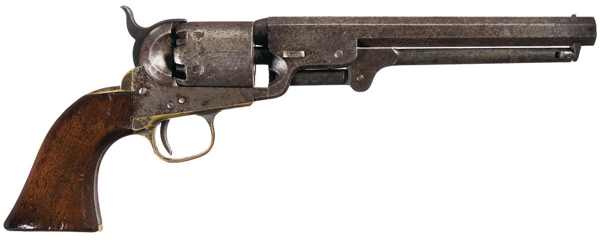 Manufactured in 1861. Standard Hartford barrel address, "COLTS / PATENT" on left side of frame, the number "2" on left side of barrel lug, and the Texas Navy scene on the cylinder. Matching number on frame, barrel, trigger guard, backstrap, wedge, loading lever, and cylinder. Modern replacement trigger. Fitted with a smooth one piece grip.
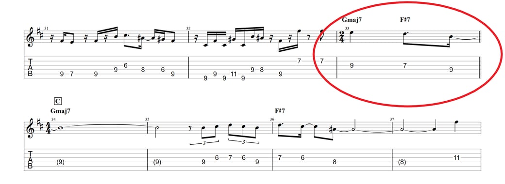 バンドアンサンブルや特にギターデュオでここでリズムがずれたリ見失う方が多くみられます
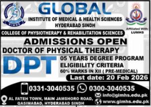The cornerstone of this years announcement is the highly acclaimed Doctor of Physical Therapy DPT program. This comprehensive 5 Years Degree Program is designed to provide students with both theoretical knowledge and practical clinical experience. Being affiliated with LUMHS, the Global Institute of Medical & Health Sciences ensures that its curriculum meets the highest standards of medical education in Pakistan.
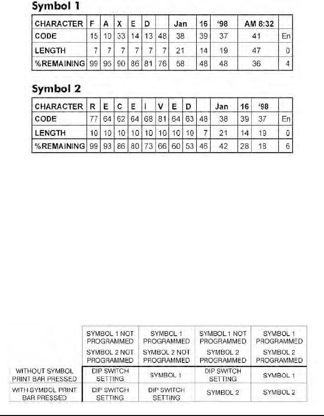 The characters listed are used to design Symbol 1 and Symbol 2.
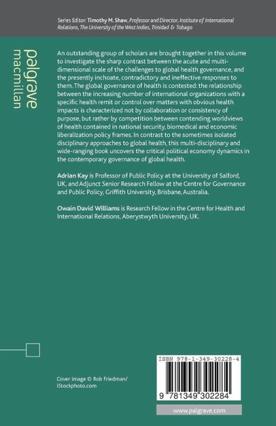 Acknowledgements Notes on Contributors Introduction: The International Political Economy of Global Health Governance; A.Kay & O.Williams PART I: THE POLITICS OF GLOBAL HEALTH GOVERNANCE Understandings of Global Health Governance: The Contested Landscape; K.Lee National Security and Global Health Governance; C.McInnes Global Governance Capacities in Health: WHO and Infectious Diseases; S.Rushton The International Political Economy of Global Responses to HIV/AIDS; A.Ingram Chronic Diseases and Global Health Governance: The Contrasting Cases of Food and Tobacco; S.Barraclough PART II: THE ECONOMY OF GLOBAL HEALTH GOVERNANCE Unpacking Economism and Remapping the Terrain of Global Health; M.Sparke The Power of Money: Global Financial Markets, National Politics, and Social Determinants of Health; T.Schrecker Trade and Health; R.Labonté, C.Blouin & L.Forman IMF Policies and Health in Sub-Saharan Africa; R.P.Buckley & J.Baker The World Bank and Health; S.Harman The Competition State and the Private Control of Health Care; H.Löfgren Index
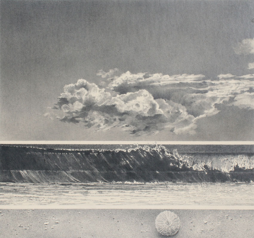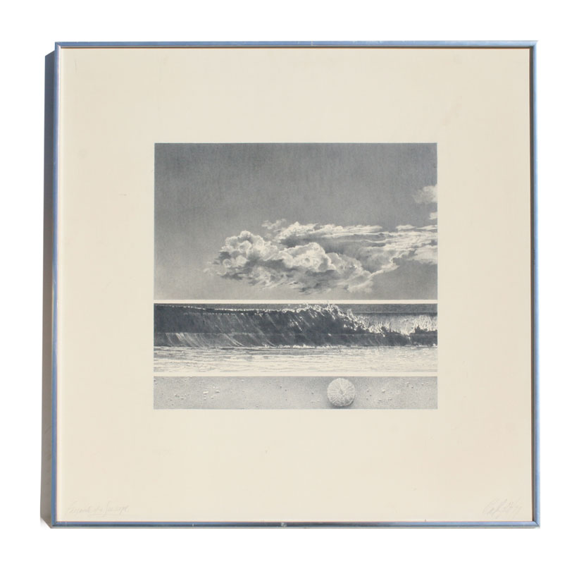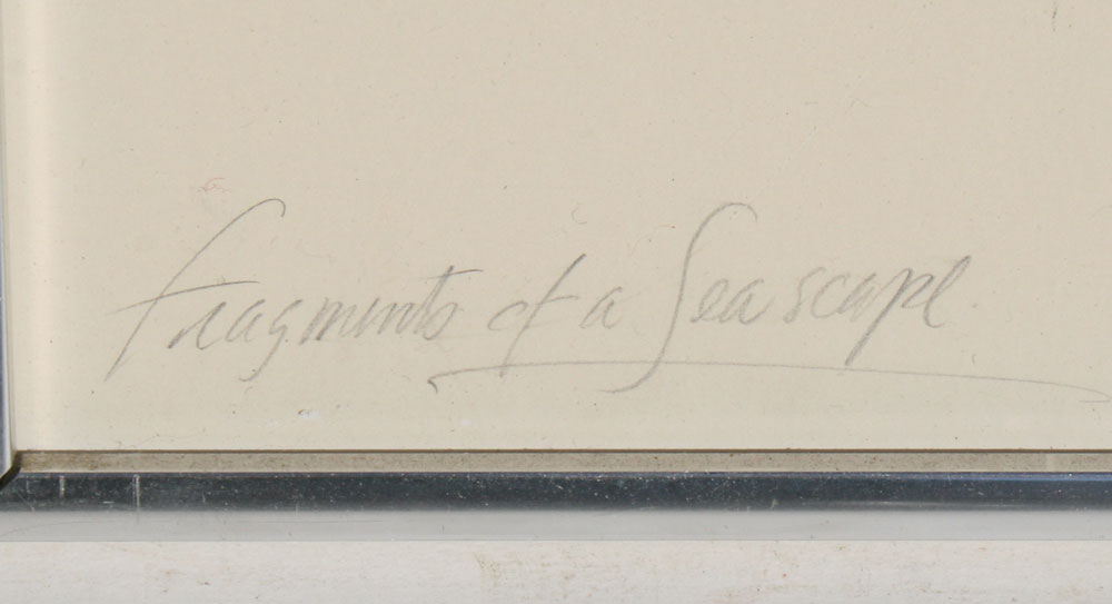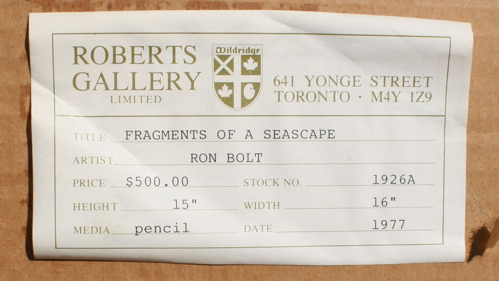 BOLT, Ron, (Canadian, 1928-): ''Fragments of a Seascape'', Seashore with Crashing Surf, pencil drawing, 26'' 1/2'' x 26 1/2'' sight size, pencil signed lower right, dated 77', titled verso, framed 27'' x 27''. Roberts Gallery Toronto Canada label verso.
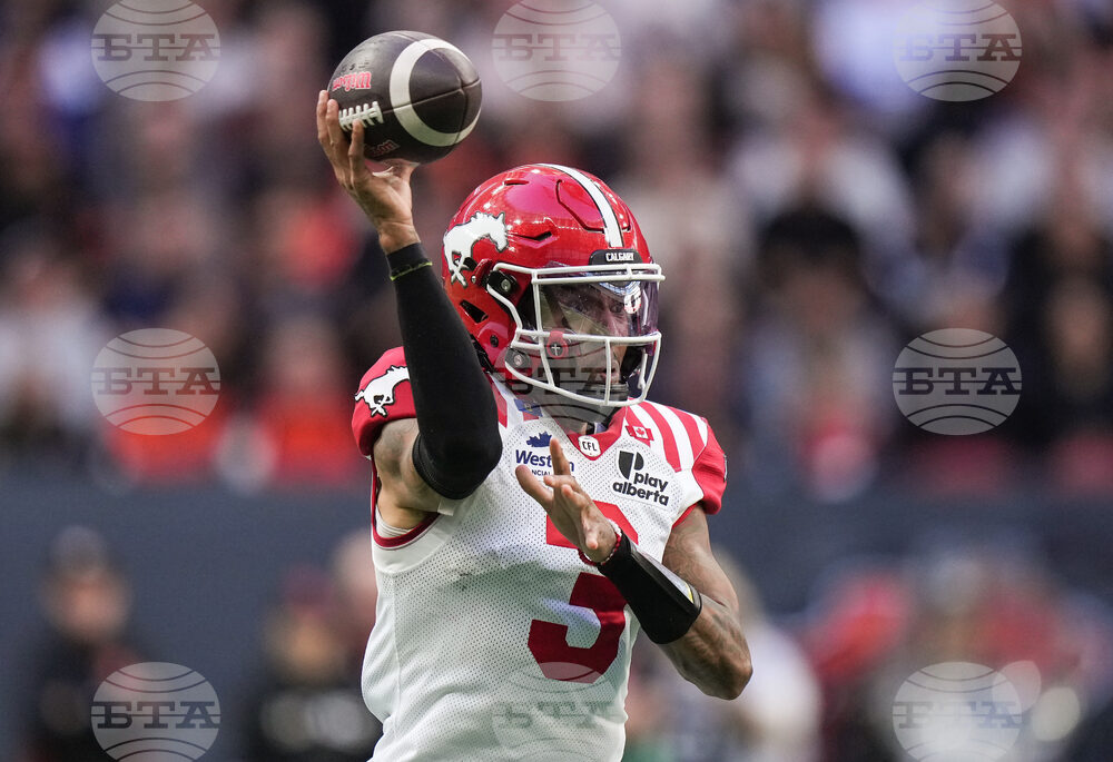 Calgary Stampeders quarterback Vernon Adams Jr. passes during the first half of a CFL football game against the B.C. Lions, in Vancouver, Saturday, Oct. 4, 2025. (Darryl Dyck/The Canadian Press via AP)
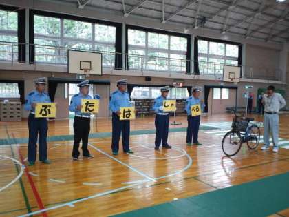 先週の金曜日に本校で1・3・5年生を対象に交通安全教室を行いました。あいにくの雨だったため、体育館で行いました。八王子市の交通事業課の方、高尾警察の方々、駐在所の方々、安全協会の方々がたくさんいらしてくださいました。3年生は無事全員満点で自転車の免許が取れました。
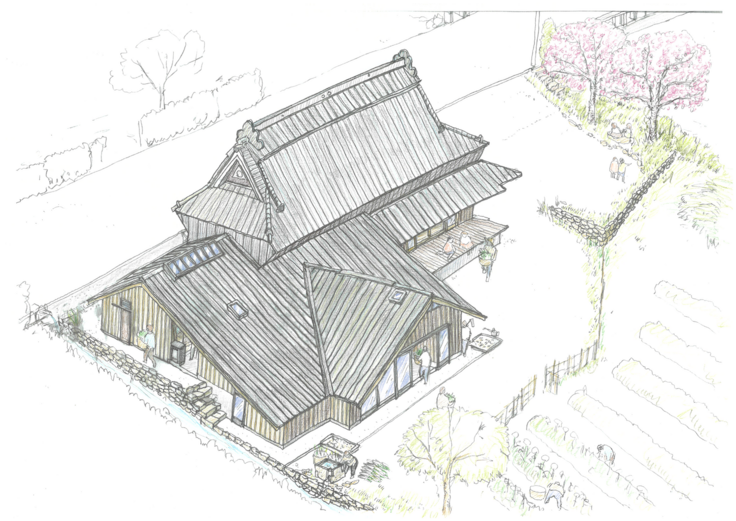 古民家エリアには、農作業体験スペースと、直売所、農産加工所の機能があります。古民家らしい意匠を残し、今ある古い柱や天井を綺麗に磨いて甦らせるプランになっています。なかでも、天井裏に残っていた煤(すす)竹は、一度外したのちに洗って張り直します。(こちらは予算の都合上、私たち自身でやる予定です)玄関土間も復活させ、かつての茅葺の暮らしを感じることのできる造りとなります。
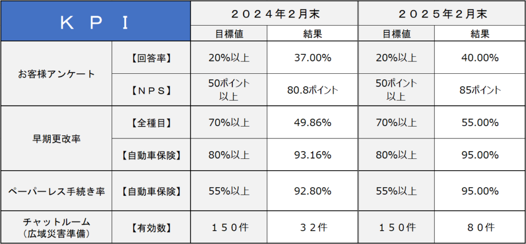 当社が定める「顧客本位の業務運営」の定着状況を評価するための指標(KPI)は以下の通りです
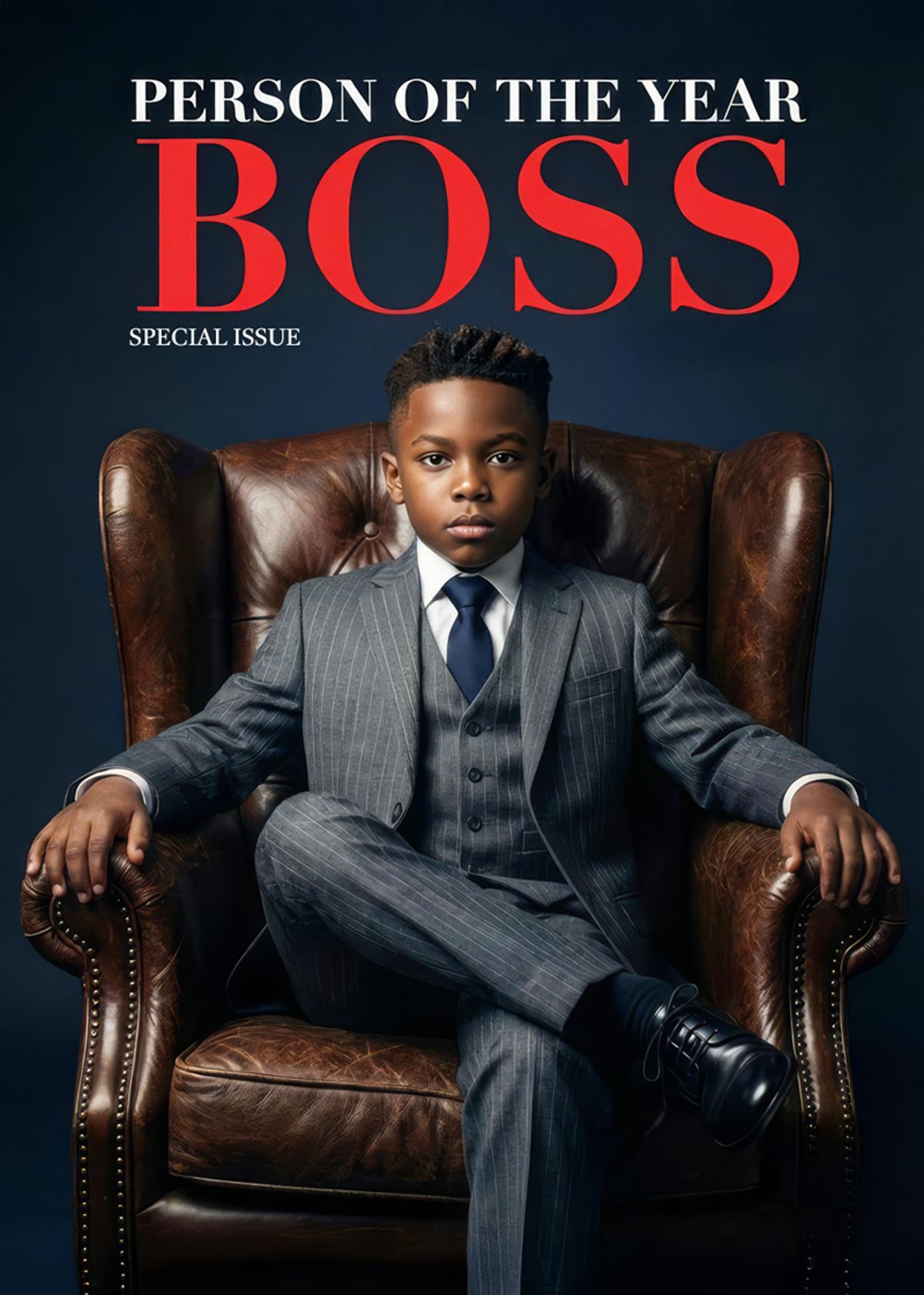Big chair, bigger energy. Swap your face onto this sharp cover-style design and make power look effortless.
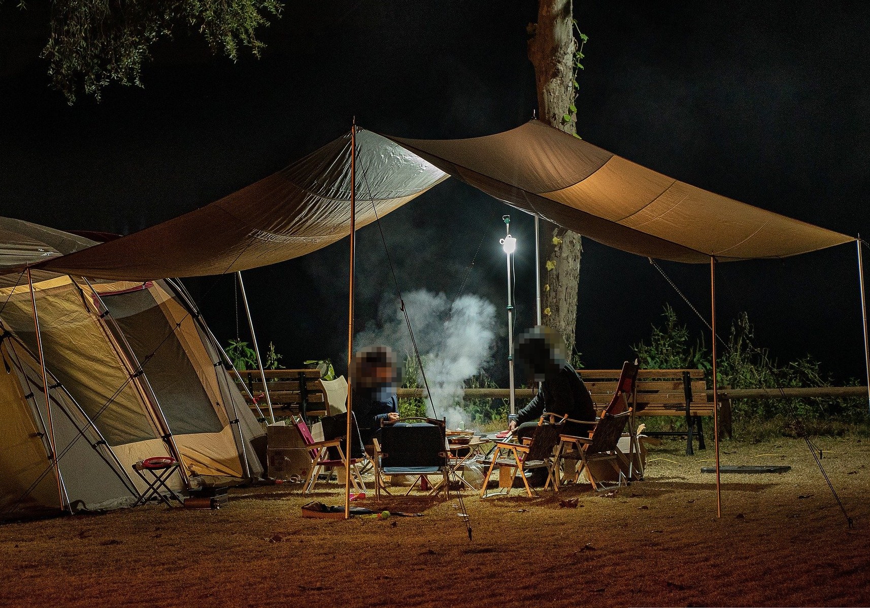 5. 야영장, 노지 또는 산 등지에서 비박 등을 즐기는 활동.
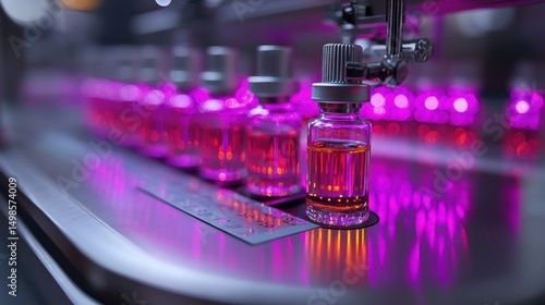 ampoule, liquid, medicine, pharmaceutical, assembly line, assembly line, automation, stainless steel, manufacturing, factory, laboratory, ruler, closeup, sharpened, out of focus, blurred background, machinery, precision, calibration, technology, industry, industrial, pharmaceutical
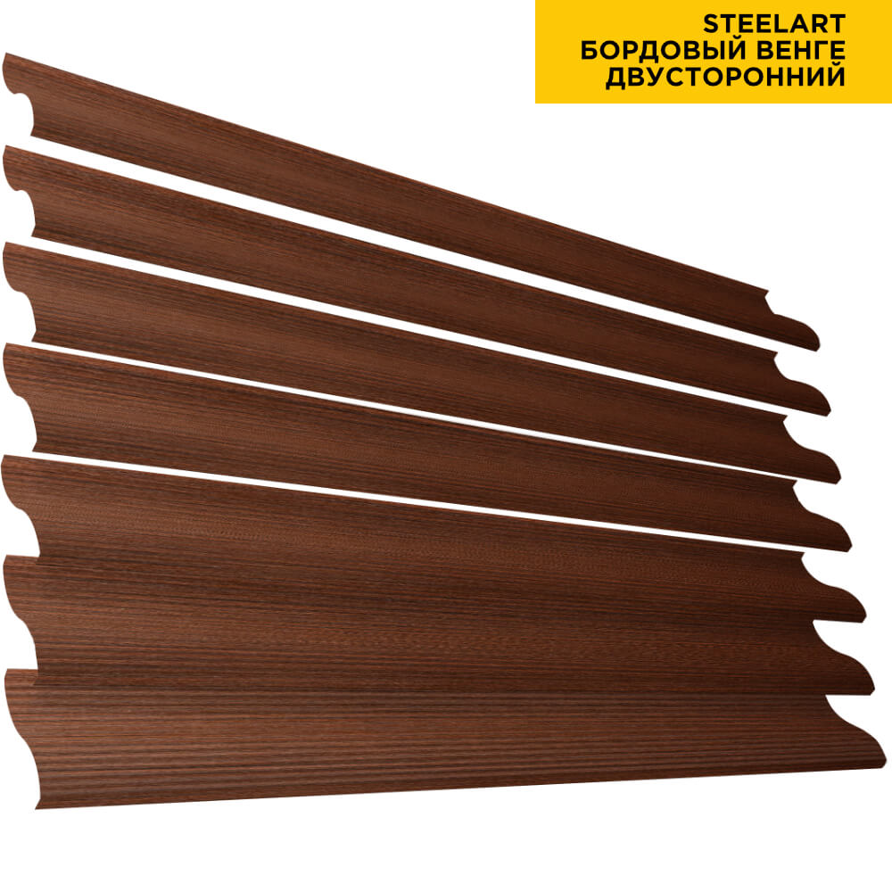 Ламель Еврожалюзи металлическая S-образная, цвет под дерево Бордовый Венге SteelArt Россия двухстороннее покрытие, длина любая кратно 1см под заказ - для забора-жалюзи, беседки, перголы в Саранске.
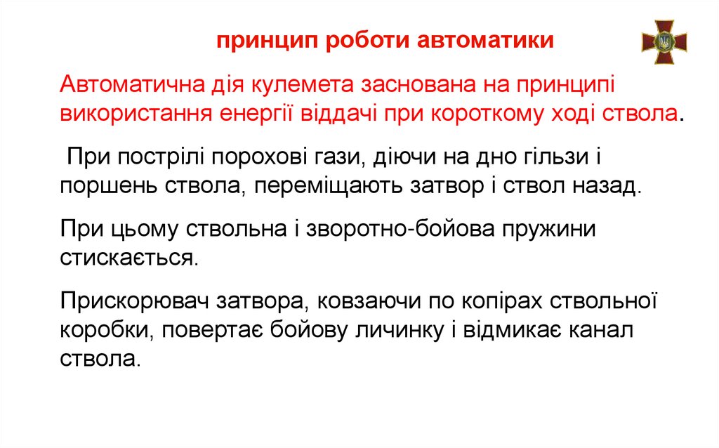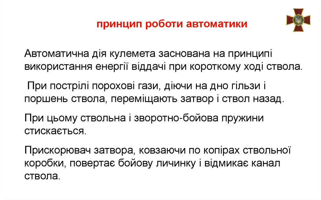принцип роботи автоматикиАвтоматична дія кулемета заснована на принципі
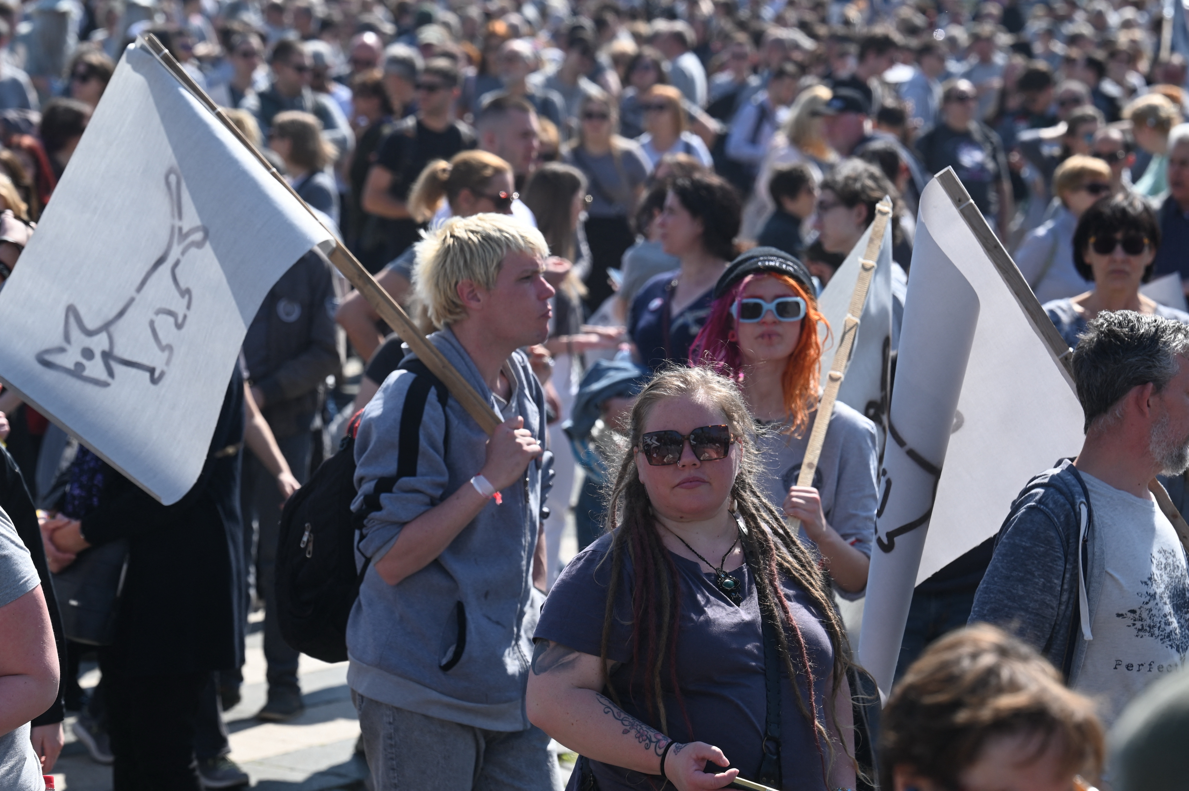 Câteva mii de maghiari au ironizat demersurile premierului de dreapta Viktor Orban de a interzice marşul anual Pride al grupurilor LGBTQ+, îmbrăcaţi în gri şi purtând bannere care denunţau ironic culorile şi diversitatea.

+ + + +

• _WHAT IS NEEDED_: Repeat the lines exactly, starting with the line that contains "BOLT, Ron, (Canadian, 1928-): ''Fragments" and ending with the last line of the entries. Keep both of those lines but no pictures.

• _RESULT_:
 BOLT, Ron, (Canadian, 1928-): ''Fragments of a Seascape'', Seashore with Crashing Surf, pencil drawing, 26'' 1/2'' x 26 1/2'' sight size, pencil signed lower right, dated 77', titled verso, framed 27'' x 27''. Roberts Gallery Toronto Canada label verso.
 Calgary Stampeders quarterback Vernon Adams Jr. passes during the first half of a CFL football game against the B.C. Lions, in Vancouver, Saturday, Oct. 4, 2025. (Darryl Dyck/The Canadian Press via AP)
 先週の金曜日に本校で1・3・5年生を対象に交通安全教室を行いました。あいにくの雨だったため、体育館で行いました。八王子市の交通事業課の方、高尾警察の方々、駐在所の方々、安全協会の方々がたくさんいらしてくださいました。3年生は無事全員満点で自転車の免許が取れました。
 古民家エリアには、農作業体験スペースと、直売所、農産加工所の機能があります。古民家らしい意匠を残し、今ある古い柱や天井を綺麗に磨いて甦らせるプランになっています。なかでも、天井裏に残っていた煤(すす)竹は、一度外したのちに洗って張り直します。(こちらは予算の都合上、私たち自身でやる予定です)玄関土間も復活させ、かつての茅葺の暮らしを感じることのできる造りとなります。
 当社が定める「顧客本位の業務運営」の定着状況を評価するための指標(KPI)は以下の通りです
Big chair, bigger energy. Swap your face onto this sharp cover-style design and make power look effortless.
 5. 야영장, 노지 또는 산 등지에서 비박 등을 즐기는 활동.
 ampoule, liquid, medicine, pharmaceutical, assembly line, assembly line, automation, stainless steel, manufacturing, factory, laboratory, ruler, closeup, sharpened, out of focus, blurred background, machinery, precision, calibration, technology, industry, industrial, pharmaceutical
 Ламель Еврожалюзи металлическая S-образная, цвет под дерево Бордовый Венге SteelArt Россия двухстороннее покрытие, длина любая кратно 1см под заказ - для забора-жалюзи, беседки, перголы в Саранске.
принцип роботи автоматикиАвтоматична дія кулемета заснована на принципі
 Câteva mii de maghiari au ironizat demersurile premierului de dreapta Viktor Orban de a interzice marşul anual Pride al grupurilor LGBTQ+, îmbrăcaţi în gri şi purtând bannere care denunţau ironic culorile şi diversitatea.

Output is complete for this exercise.